I can’t move though for too many reasons, at least not now.  Maybe in the future we can relocate but it’s just not possible at the moment.  So I think about how I can give Shawn a fresh start without physically moving to a new place.  I could get all new doctors.  I can’t use a different daycare place for my dog though.  I guess those people, since I see them every day, really do need to be told what’s going on with me.  The other day Candace told me that they use she and he pronouns for me and don’t know which one is right anymore.  Did she help me out and tell them for me?  Nope.  So I’ll have to do that.  I could move my business I guess.  I have thought about it many times.  I’ve thought about separating the two major aspects of the business and moving the part I take care of on my own to an undisclosed private location that only my employees know about so that these so-called friends can’t just pop in on me.  The thought of doing all of that is exhausting.  The thought of continuing to go to work and worry about impromptu visitors is exhausting.  The thought of having to disclose to the doggie daycare workers that I’ve transitioned is exhausting.  I don’t want to deal with any of it.  If I were single and unencumbered I would just move and start fresh.  That’s what I want to do and what feels the most refreshing to my spirit.  But I can’t.  I have too many obligations here and Candace can’t so easily just up and move her business.  I’ve even thought about moving to a new area and keeping my business here but coming back once a week to get and return work and take care of any situations that I need to be here to handle.

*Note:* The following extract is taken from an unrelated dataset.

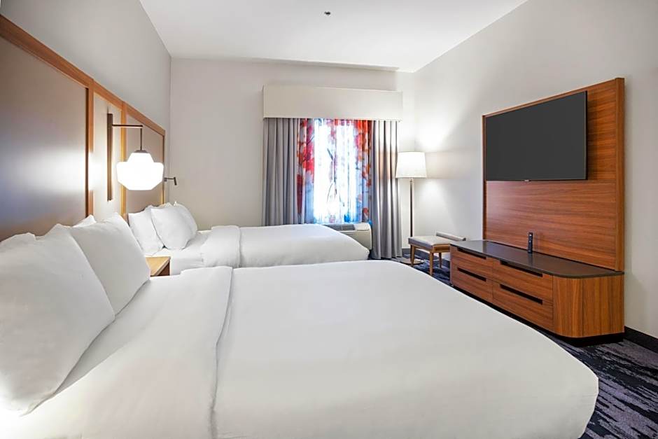 The Fairfield Inn & Suites Rancho Cordova offers Queen Rooms with Two Queen Beds, Junior Suites, King Rooms, and King Rooms with Sofa Beds. Smoking is not allowed in any of the rooms. The Queen Rooms and King Rooms both accommodate up to 4 adults and 3 children, while the Junior Suites and King Rooms with Sofa Beds accommodate up to 3 adults and 2 children. The Queen Rooms have two double beds, the Junior Suites have one sofa bed and one king size bed, and the King Rooms have one king size bed.

Like it or not, I guess the bottom line is that I have to buck up and deal with my life.  I can’t run away from it even though every fiber of my being wants me to.  I chose to transition here and now in this place and time and I have to learn to be proud of my transition instead of ashamed or timid about it.  I need to get my gender changed on my IDs and push people, including Candace, to use the proper pronouns for me.  When people refer to me as she it hurts me now in more ways than one.  Yes, it grates on my nerves and frustrates me but it also confuses other people and outs me as trans.  A side note about when strangers realize I’m trans is that they no longer see me as male and revert to female pronouns and honorifics.  Come on people!!!  Do I really look like a ma’am and do I look like I want to be called ma’am?  NO!  I have to try to get that to stop.  In the mean time, I really wish I could just take a really long nap because just thinking about doing all of that has already exhausted me.  All this really does make it clear to me why so many people live stealth and are so concerned with “passing”.  It’s a huge pain in the arse to constantly have to worry about being outed or explain your transition to strangers and acquaintances. It just adds another draining layer on top of a life that is already challenging enough and who needs that?  No one.